Back then I lay on a hospital bed, silent tears stinging the cuts on my face, my left thigh aching from the fall, and my bruised ribs protesting painfully every time I breathed. My hands were wrapped in such heavy gauze, they looked like mittens. Shrapnel had dug holes into my hands; the blood burst out like a fountain. But all of that was manageable.
The only serious injury was at the back of my head. The force of the explosion had me flying back, and concrete met the base of my skull, marking me for life.
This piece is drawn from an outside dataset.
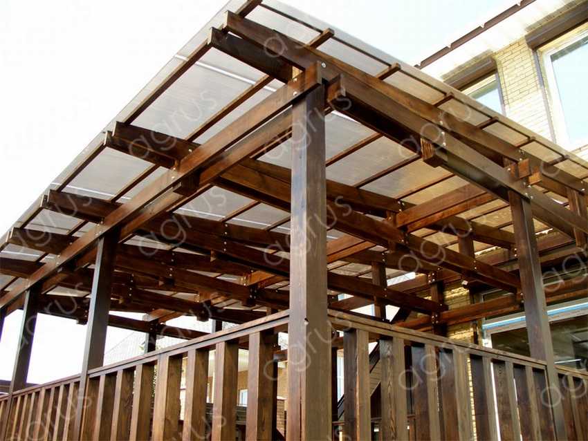 Крыша террасы может быть съемной, но лучше надежно закрепить ее на каркасе, если планируется построить долговечную веранду. Как и пол, основная часть крыши делается из древесины. Надежность и долговечность конструкции зависят от того, насколько точно будет соблюдена технология строительства.
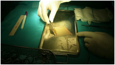 After preparing the bed (Figure 5) it is the time to receive the graft. We have already estimated the surface we need to cover by studying the CT. Usually a graft with dimensions 5x5cm will suffice. The thickness of the graft has also been already estimated at 0.15mm. The graft must be thin enough to contain only a thin slice of dermis. The optimal area for receiving the graft is the thigh, preferably its inner surface. We take the graft from the ipsilateral leg by the use of an electric dermatome. Prior to insertion, the graft must be trimmed to acquire the proper contour. Also, multiple cuts are performed on its surface so as to prevent air and blood clots to accumulate between the graft and its bed. Furthermore, these cuts will allow small remnants of mucosa to find their way into the nasal cavity preventing the formation of mucocele (Figure 6). After completing trimming, the graft is wrapped around a sterile paper and is inserted inside the nose (Figure 7). After the insertion of the graft no further actions must be taken inside this nostril. No packing of any kind must be inserted. The graft remains in its position due to viscosity rather than any other supporting force.

Dr. Ziad stitched me up. It was the first time I met him. He told me I was lucky to escape with only a scar. I think he was trying to take my mind off the fact that Mama hadn’t been as lucky. That the bomb snatched her away from me and I’d never be able to hug her again.
Later that day, when Khawf appeared and told me his name, it took a bit for me to realize I was the only one seeing him. At first I thought the drugs were giving me visions—that he would disappear when the morphine did. But he stayed by my side, whispering horrible things while I cried for Mama. Even when the pain subsided, and my ribs healed, and my hands scarred, he didn’t leave. And once that conviction settled in, panic followed soon after.
He was a hallucination who had come to stay. One who, every night for the past seven months, has cruelly plucked on my fears, breathing life into them.
There is no other explanation. Boiling him down to scientific facts is the only way I’m able to face him.
“Whatever makes you feel better.” He smiles wickedly.
I rub the scar at the back of my head, feeling the callous ridges against my fingers. “Daisies,” I whisper. “Daisies, daisies.”
Khawf brushes his hair out of his eyes and takes a pack of cigarettes out of his breast pocket. The carton is red, always the same shade as the spots on his shoulders. He plucks one long tube and presses it between his lips before lighting it. The nub blazes, eating away at the edges, and he takes a long drag.
“I want to know why you didn’t talk to Am,” he says. “Didn’t you promise yesterday you would? Like you’ve been promising me every night?” His voice is low, but there’s no mistaking the threat poisoning each word.
That’s how it started with him: a snide remark here and there, nudging my thoughts toward leaving Syria, until one day he decided I should ask Am for a boat. And he hasn’t stopped demanding I do so. Sometimes I wonder how my brain could conjure someone like him.
A drop of cold sweat trickles down my neck. “Yes,” I manage to answer.